TASK GOAL: Your task is to transcribe the data exactly while omitting each picture.

GIVEN DATA:
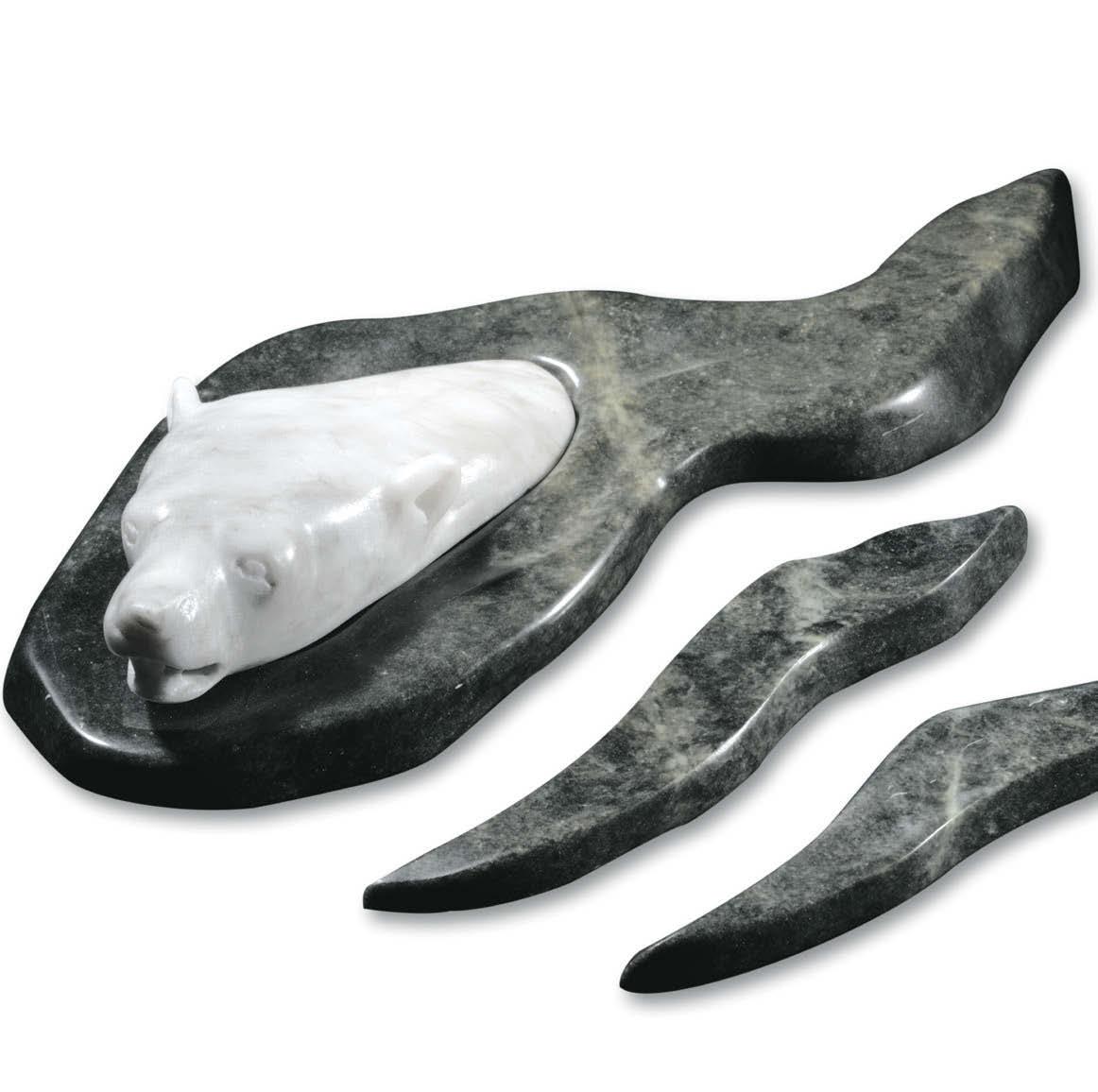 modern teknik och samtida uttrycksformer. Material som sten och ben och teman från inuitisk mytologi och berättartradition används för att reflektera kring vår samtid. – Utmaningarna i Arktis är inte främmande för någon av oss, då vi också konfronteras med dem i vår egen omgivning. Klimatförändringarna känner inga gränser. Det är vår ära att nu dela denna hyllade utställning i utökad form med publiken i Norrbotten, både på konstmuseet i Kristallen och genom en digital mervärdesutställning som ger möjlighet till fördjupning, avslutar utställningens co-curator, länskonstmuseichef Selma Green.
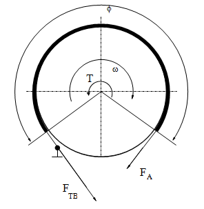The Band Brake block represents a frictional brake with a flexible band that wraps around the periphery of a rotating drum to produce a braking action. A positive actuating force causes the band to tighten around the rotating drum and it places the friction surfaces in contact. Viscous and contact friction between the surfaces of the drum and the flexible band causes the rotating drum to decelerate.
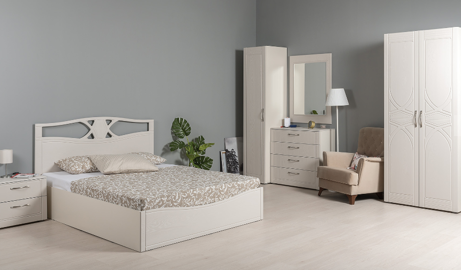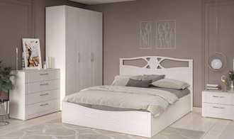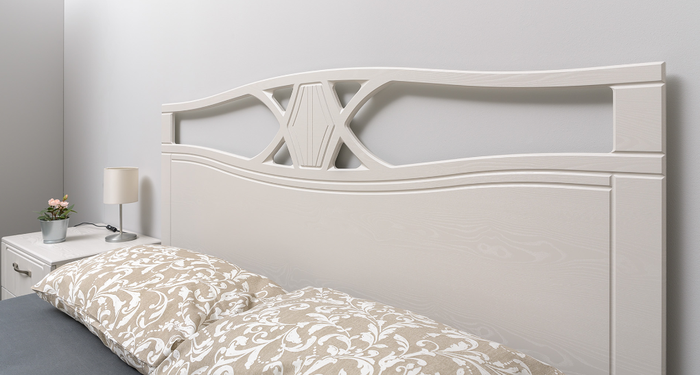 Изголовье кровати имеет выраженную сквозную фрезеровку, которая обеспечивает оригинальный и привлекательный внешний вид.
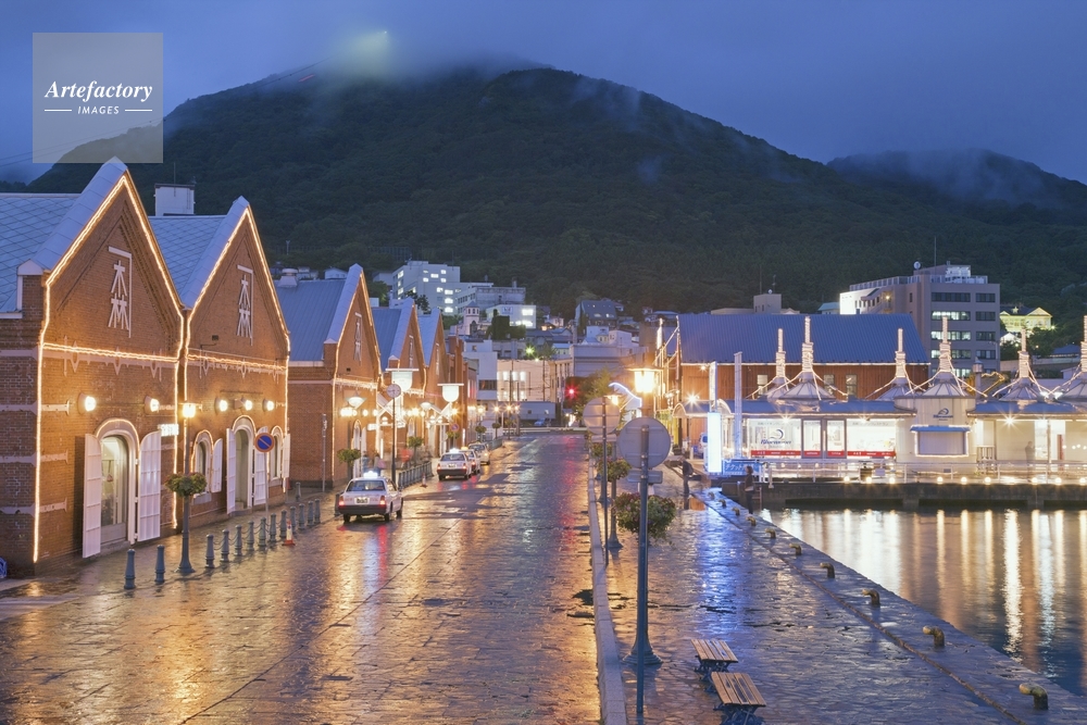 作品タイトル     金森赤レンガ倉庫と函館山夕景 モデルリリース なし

RESPONSE:
 modern teknik och samtida uttrycksformer. Material som sten och ben och teman från inuitisk mytologi och berättartradition används för att reflektera kring vår samtid. – Utmaningarna i Arktis är inte främmande för någon av oss, då vi också konfronteras med dem i vår egen omgivning. Klimatförändringarna känner inga gränser. Det är vår ära att nu dela denna hyllade utställning i utökad form med publiken i Norrbotten, både på konstmuseet i Kristallen och genom en digital mervärdesutställning som ger möjlighet till fördjupning, avslutar utställningens co-curator, länskonstmuseichef Selma Green.
The Band Brake block represents a frictional brake with a flexible band that wraps around the periphery of a rotating drum to produce a braking action. A positive actuating force causes the band to tighten around the rotating drum and it places the friction surfaces in contact. Viscous and contact friction between the surfaces of the drum and the flexible band causes the rotating drum to decelerate.
 Изголовье кровати имеет выраженную сквозную фрезеровку, которая обеспечивает оригинальный и привлекательный внешний вид.
 作品タイトル     金森赤レンガ倉庫と函館山夕景 モデルリリース なし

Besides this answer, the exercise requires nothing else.